*** Provided records Section Begins ***

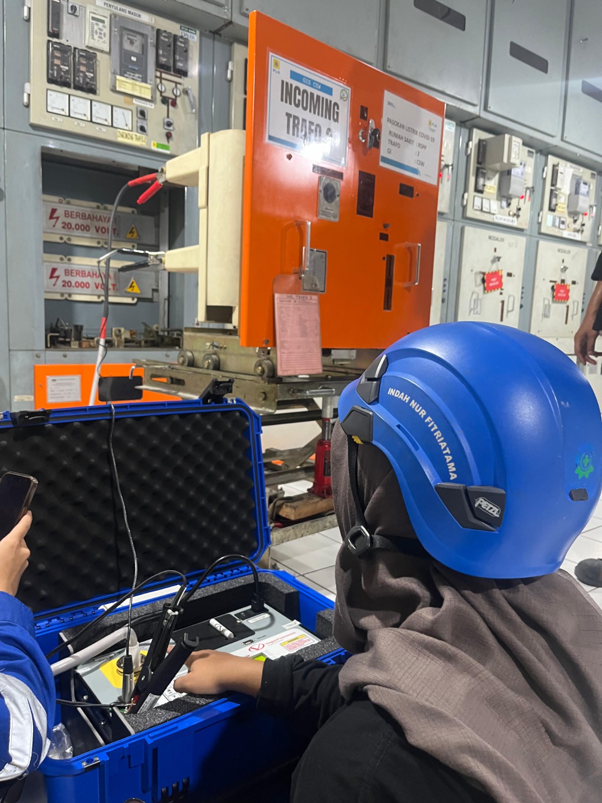 Safety briefing sebelum pekerjaan pemeliharaan material transmisi utama di GIS 150kV CSW, Jakarta
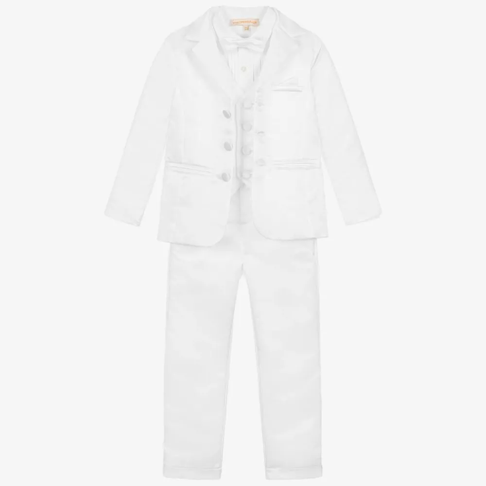 Childrensalon Occasions Suits*Boys White Satin 5-Piece Suit
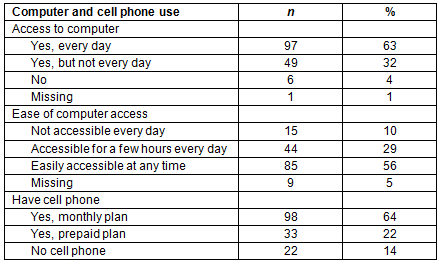 Most respondents (146 or 95%) reported having access to a computer, although one-third of those did not have daily access. Eighty-five (about 60%) of the 146 with computer access reported the ability to use a computer at any time. About 84% of all respondents reported spending 1 hour or more on the internet per day, and 93% reported using email, although two-thirds of those did not check email daily. Computer and cell phone access is summarized in Table 2.
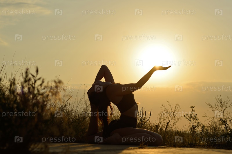 Женщина практикует йогу на фоне гор и неба
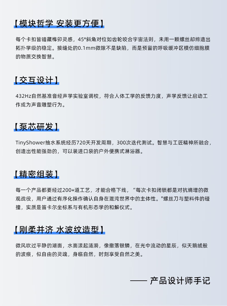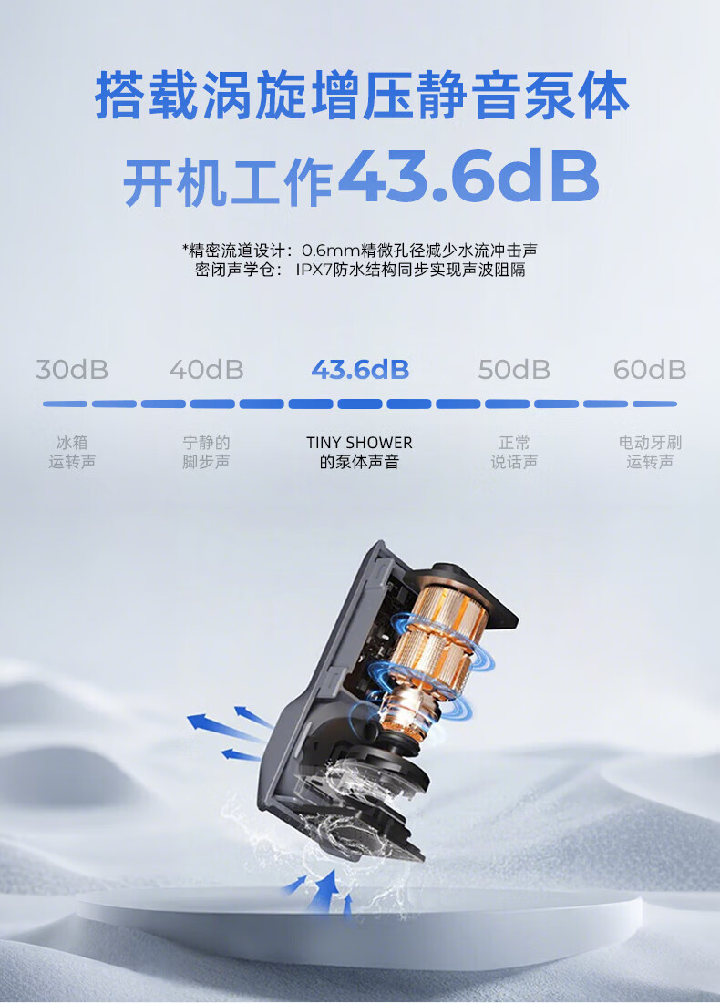颜值非常高,小东西解决大问题啊,绝对的国产之光,杠杠的,回来充满电试了一下,出水流量挺大的,设计的也很科学,希望续航时间能够长,接下来去海边河边玩水不用发愁洗簌问题了,完美的购物
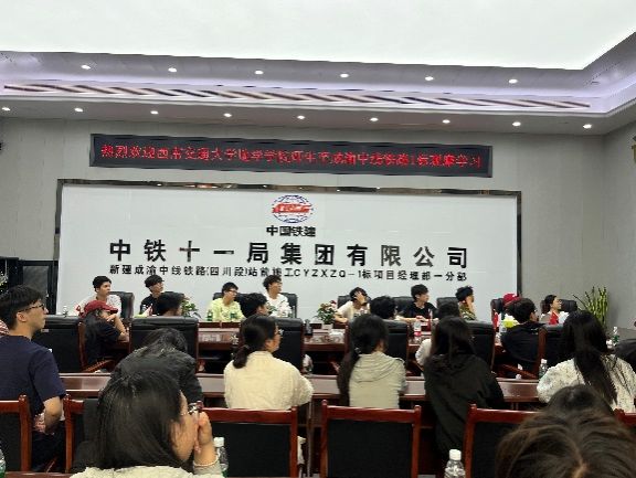 青年志愿者协会李心悦:参观中铁十一局成渝中线铁路项目部,让我见证了现代高铁建设的智慧与力量。精细化管理、智能化施工,自主研发,在复杂地质条件下推进工程,彰显了中国基建的实力与担当。项目部经理、总工程师与地学学院学生干部交流分享经验,将理论知识与实际施工相联系,让我们更清楚的认识到身上的责任与担当,努力学习专业知识,为国家基建事业贡献力量!
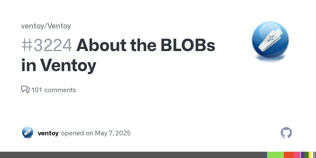 Der_Fossyler@feddit.orgEnglish · 10 months agoUpdate: About the BLOBs in Ventoy · Issue #3224plus-squaregithub.comexternal-linkmessage-square0fedilinkarrow-up111
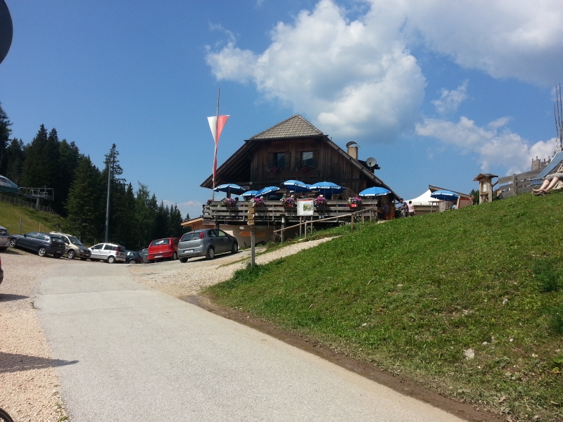 Als ich auf der Oberregger Alm ankam, wurde mir plötzlich vieles klarer. Meine heutige Strecke führt fast ausschliesslich durch Skigebiete. Bereits auf dem Passo Lavaze, sicher im Jochgrimm und nun auch in Obereggen und der Oberegger Alm, muss im Winter Hochbetrieb herrschen. Beschneiungskanonen an jeder Ecke, Skilifte, Gondelbahnen, Wasserreservoirs, Beleuchtungseinrichtungen für Nachtskifahren, Einrichtungen für Fangnetze, nebst der ganzen Gastronomie. Alles ist da. Meine geteerte Strasse dürfte wohl über weite Strecken der Schlittelweg sein. Die ganzen Kilometer von der Oberegger Alm bis hinüber zum Passo Pampeago dürften ein einziger Tummelplatz für die Freunde des Skisports sein.
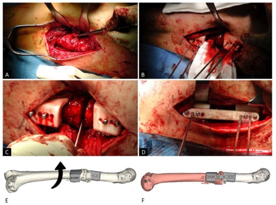 Surgical technique (Patient 3). After exposing the femoral diaphysis through a postero-lateral approach (A), the two initial surgical guides are pinned to the bone surface (B). Subsequently, the osteotomy is carried out by removing all previous osteosynthesis material (C). The correction is performed with an external or internal rotation of the distal femoral fragment and the third 3D- printed guide is used to connect the other two, providing the correct femoral rotation degree (D). The degrees of rotation of the distal femoral fragment are defined by the alignment of the two guides (E). Once the two guides are aligned and connected by the third piece, the distal fragment is already correctly rotated according to the surgical planning (F). Finally, the osteotomy is completed by inserting the intramedullary nail and removing the surgical guides.
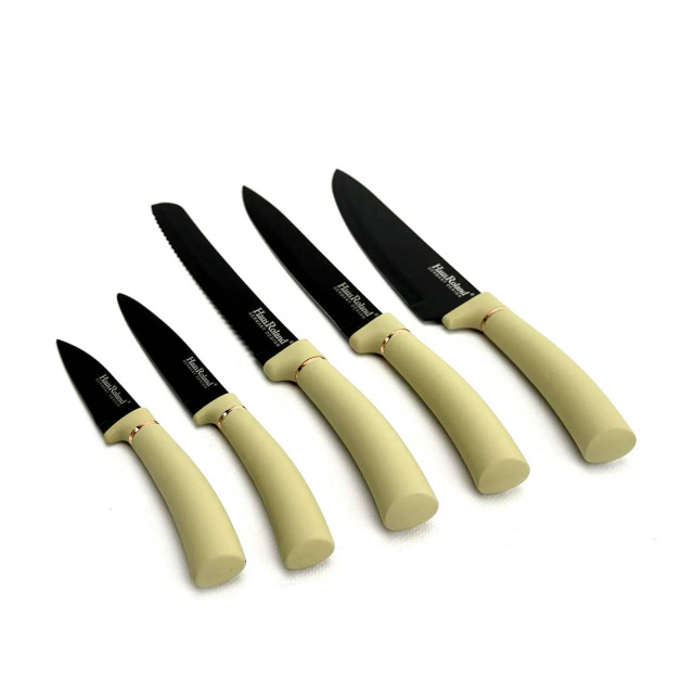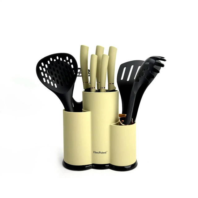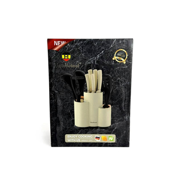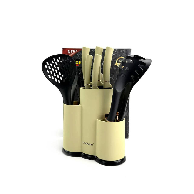 Набір ножів та кухонних приладдя Haus Roland HR620-1, 12 предметів у підставці. Бежево-чорний (HR620-1), Івано-Франківськ
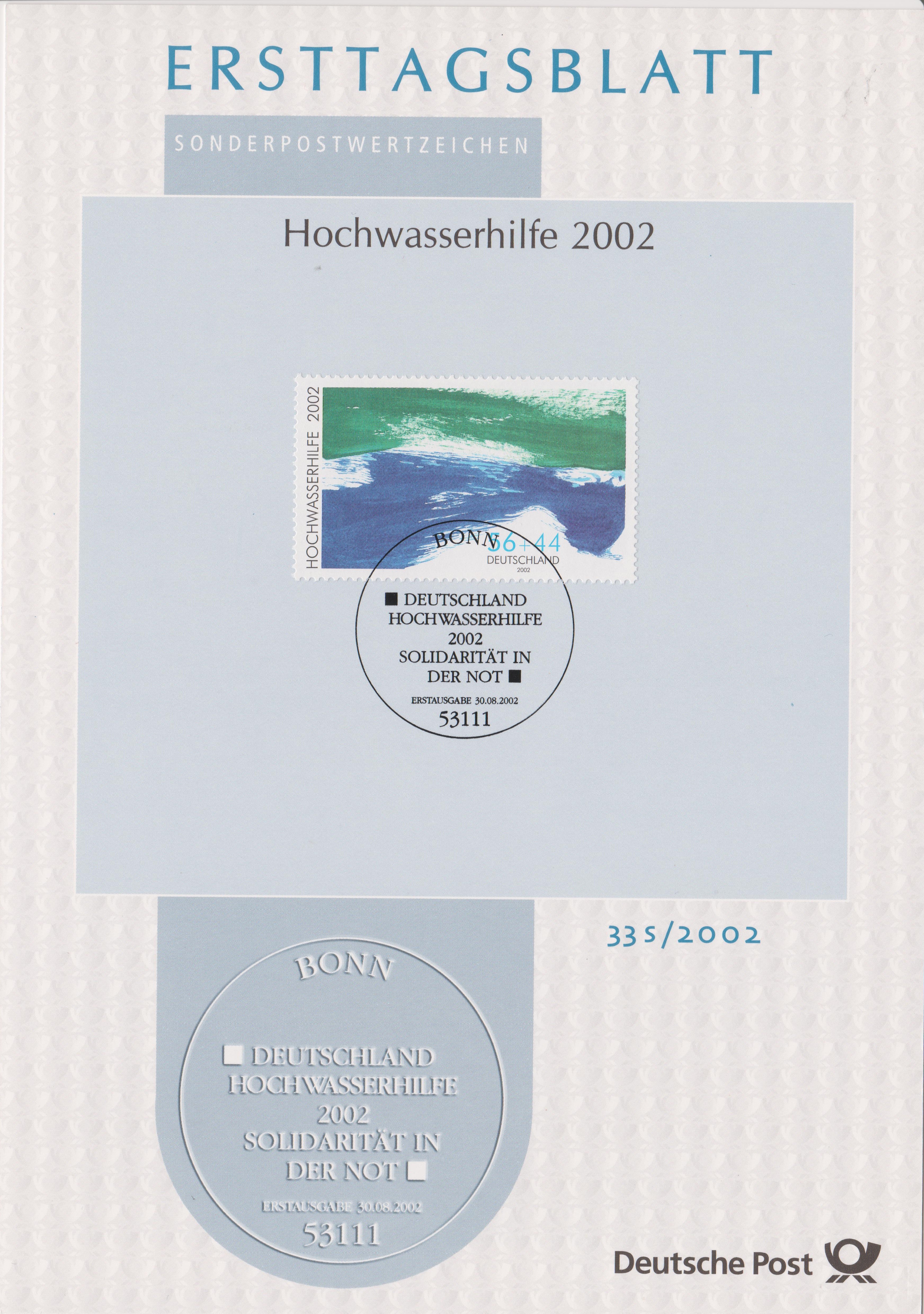 Am 30.08.2002 wurde dieses ETB 33 s/2002 zum Thema "Hochwasserhilfe" sufgelegt:
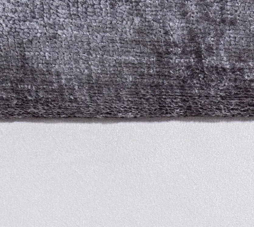 - Sitzbezug aus Boucléstoff in Anthrazit, Korpusbezug aus Stoff in Samtoptik Grau, Füße aus Kunststoff in Schwarz,
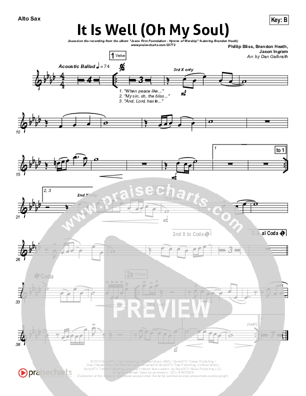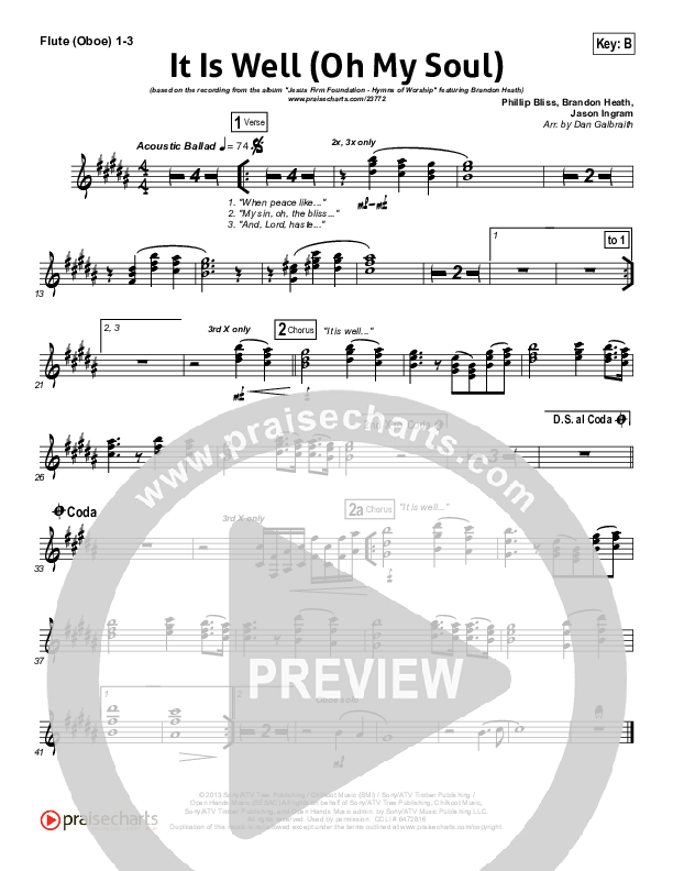 Download the Orchestration wind parts for It Is Well (Oh My Soul) by Brandon Heath, from the album Jesus Firm Foundation - Hymns of Worship. This song was arranged by Daniel Galbraith in the key of B, Bb.
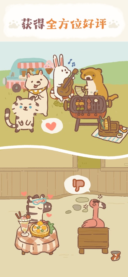 1、Q萌的卡通风格画面独具匠心,每个猫咪角色都拥有生动的表情和动作,配合温馨的BGM营造出轻松愉悦的游戏氛围;

*** Provided records Section Ends ***

:: What the task requires ::
Please repeat every record exactly as it stands, leaving out any pictures.

:: Your solution ::
 Safety briefing sebelum pekerjaan pemeliharaan material transmisi utama di GIS 150kV CSW, Jakarta
 Childrensalon Occasions Suits*Boys White Satin 5-Piece Suit
 Most respondents (146 or 95%) reported having access to a computer, although one-third of those did not have daily access. Eighty-five (about 60%) of the 146 with computer access reported the ability to use a computer at any time. About 84% of all respondents reported spending 1 hour or more on the internet per day, and 93% reported using email, although two-thirds of those did not check email daily. Computer and cell phone access is summarized in Table 2.
 Женщина практикует йогу на фоне гор и неба
颜值非常高,小东西解决大问题啊,绝对的国产之光,杠杠的,回来充满电试了一下,出水流量挺大的,设计的也很科学,希望续航时间能够长,接下来去海边河边玩水不用发愁洗簌问题了,完美的购物
 青年志愿者协会李心悦:参观中铁十一局成渝中线铁路项目部,让我见证了现代高铁建设的智慧与力量。精细化管理、智能化施工,自主研发,在复杂地质条件下推进工程,彰显了中国基建的实力与担当。项目部经理、总工程师与地学学院学生干部交流分享经验,将理论知识与实际施工相联系,让我们更清楚的认识到身上的责任与担当,努力学习专业知识,为国家基建事业贡献力量!
 Der_Fossyler@feddit.orgEnglish · 10 months agoUpdate: About the BLOBs in Ventoy · Issue #3224plus-squaregithub.comexternal-linkmessage-square0fedilinkarrow-up111
 Als ich auf der Oberregger Alm ankam, wurde mir plötzlich vieles klarer. Meine heutige Strecke führt fast ausschliesslich durch Skigebiete. Bereits auf dem Passo Lavaze, sicher im Jochgrimm und nun auch in Obereggen und der Oberegger Alm, muss im Winter Hochbetrieb herrschen. Beschneiungskanonen an jeder Ecke, Skilifte, Gondelbahnen, Wasserreservoirs, Beleuchtungseinrichtungen für Nachtskifahren, Einrichtungen für Fangnetze, nebst der ganzen Gastronomie. Alles ist da. Meine geteerte Strasse dürfte wohl über weite Strecken der Schlittelweg sein. Die ganzen Kilometer von der Oberegger Alm bis hinüber zum Passo Pampeago dürften ein einziger Tummelplatz für die Freunde des Skisports sein.
 Surgical technique (Patient 3). After exposing the femoral diaphysis through a postero-lateral approach (A), the two initial surgical guides are pinned to the bone surface (B). Subsequently, the osteotomy is carried out by removing all previous osteosynthesis material (C). The correction is performed with an external or internal rotation of the distal femoral fragment and the third 3D- printed guide is used to connect the other two, providing the correct femoral rotation degree (D). The degrees of rotation of the distal femoral fragment are defined by the alignment of the two guides (E). Once the two guides are aligned and connected by the third piece, the distal fragment is already correctly rotated according to the surgical planning (F). Finally, the osteotomy is completed by inserting the intramedullary nail and removing the surgical guides.
 Набір ножів та кухонних приладдя Haus Roland HR620-1, 12 предметів у підставці. Бежево-чорний (HR620-1), Івано-Франківськ
 Am 30.08.2002 wurde dieses ETB 33 s/2002 zum Thema "Hochwasserhilfe" sufgelegt:
 - Sitzbezug aus Boucléstoff in Anthrazit, Korpusbezug aus Stoff in Samtoptik Grau, Füße aus Kunststoff in Schwarz,
 Download the Orchestration wind parts for It Is Well (Oh My Soul) by Brandon Heath, from the album Jesus Firm Foundation - Hymns of Worship. This song was arranged by Daniel Galbraith in the key of B, Bb.
 1、Q萌的卡通风格画面独具匠心,每个猫咪角色都拥有生动的表情和动作,配合温馨的BGM营造出轻松愉悦的游戏氛围;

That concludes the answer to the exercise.